Oh, how much easier negotiating a peace treaty with the PLO would have been than dealing with Hamas. Oh, how much easier sitting at the same table with Syrian President Hafez Assad might have been than trying to deal with his son Bashar and the Islamist groups Hamas and Islamic Jihad now based in Damascus. And don't forget the strings Damascus can pull in Lebanon.

Had a settlement to the Palestinian question been reached a decade or two ago, would there even be an Osama bin Laden to contend with today? Would the war in Iraq have been necessary?

In all likelihood, President Bush will leave the White House in 2008, leaving behind unfinished business in the Middle East. His successor will inherit an even more complicated situation, this time with additional players, such as Iran, which enters the scene with a nuclear card up its sleeve.

The longer the Middle East problem is left unresolved, the more violent the next conflagration. Need proof? Look at the level of violence unleashed during 34 days of hell in Lebanon over the summer when Israel and Hezbollah clashed.

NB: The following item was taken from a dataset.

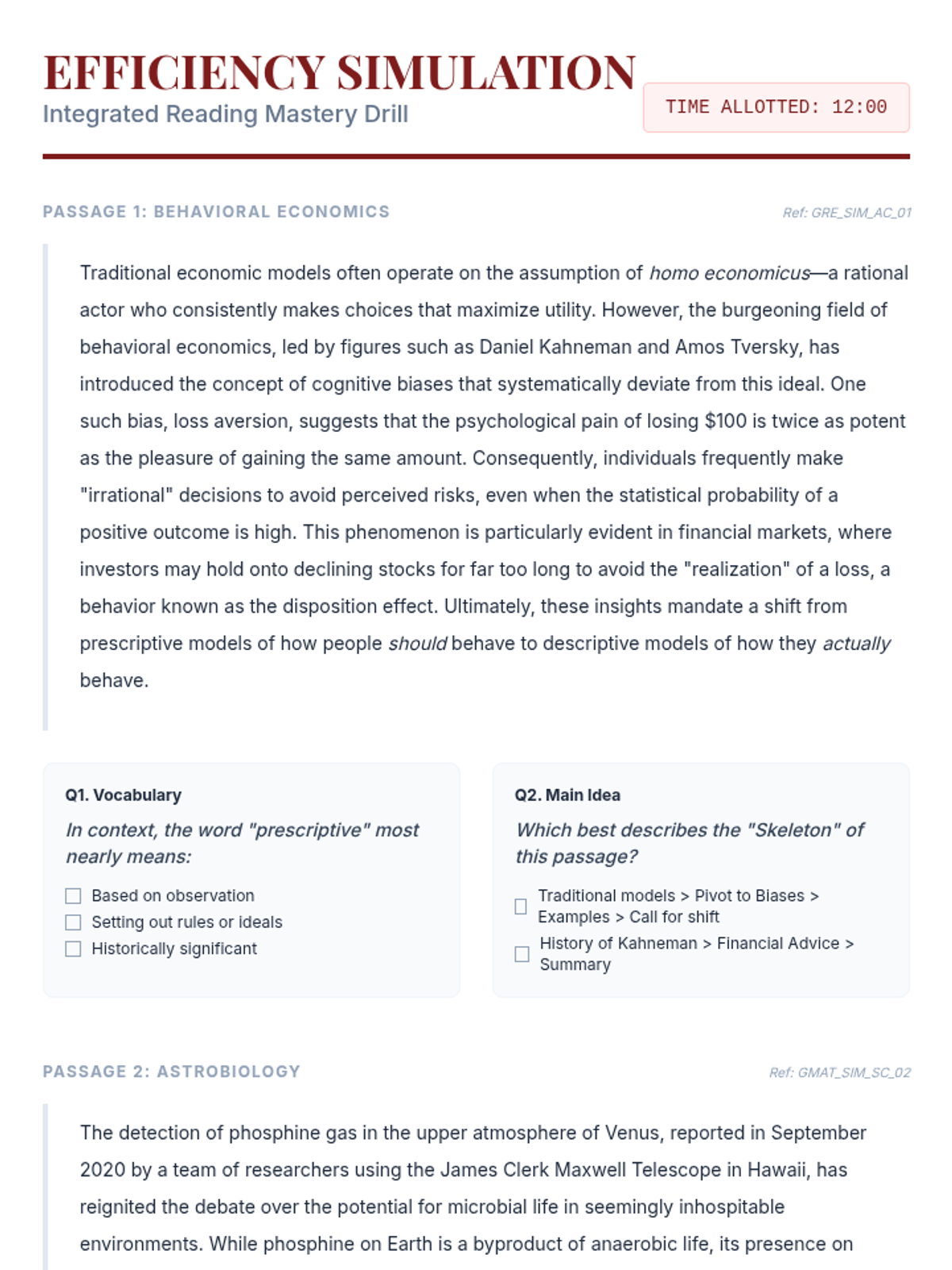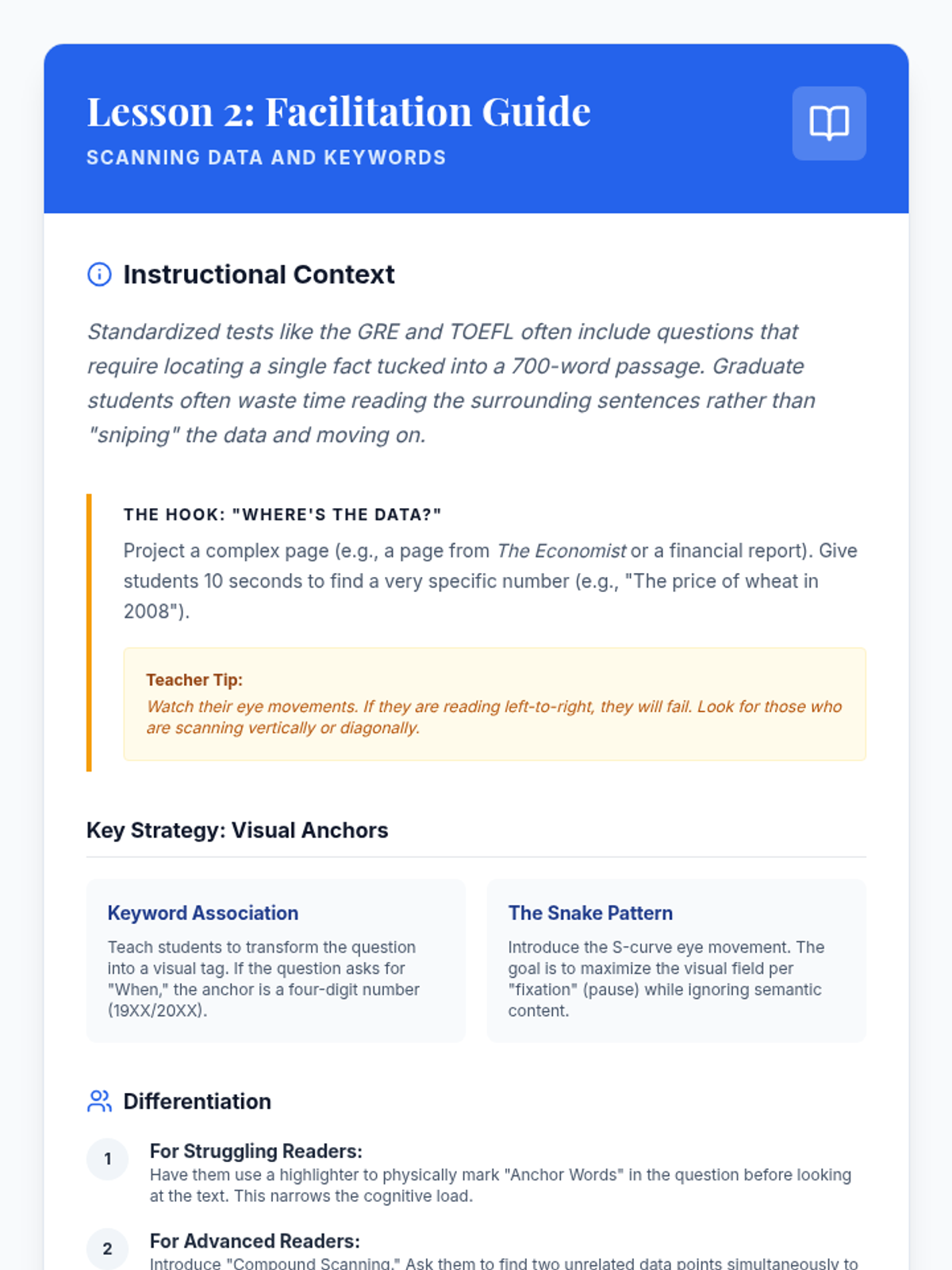 Students practice identifying the 'skeleton' of academic passages by focusing on structural markers and argumentative arcs to speed up comprehension.

The outcome of that short war -- or rather long, by Middle East standards -- is yet to be decided. But one thing is already certain, and that is the level of worry displayed by some Western intelligence agencies, given the uncertainty that continues in the Middle East, and the fact the United Nations Interim Force in Lebanon (UNIFIL II) with its soon-to-be 15,000 troops offers Syria, Iran and Hezbollah 15,000 potential hostages.

Mr. President, a settlement of the Middle East conflict should be a top priority.

Claude Salhani is international editor for United Press International.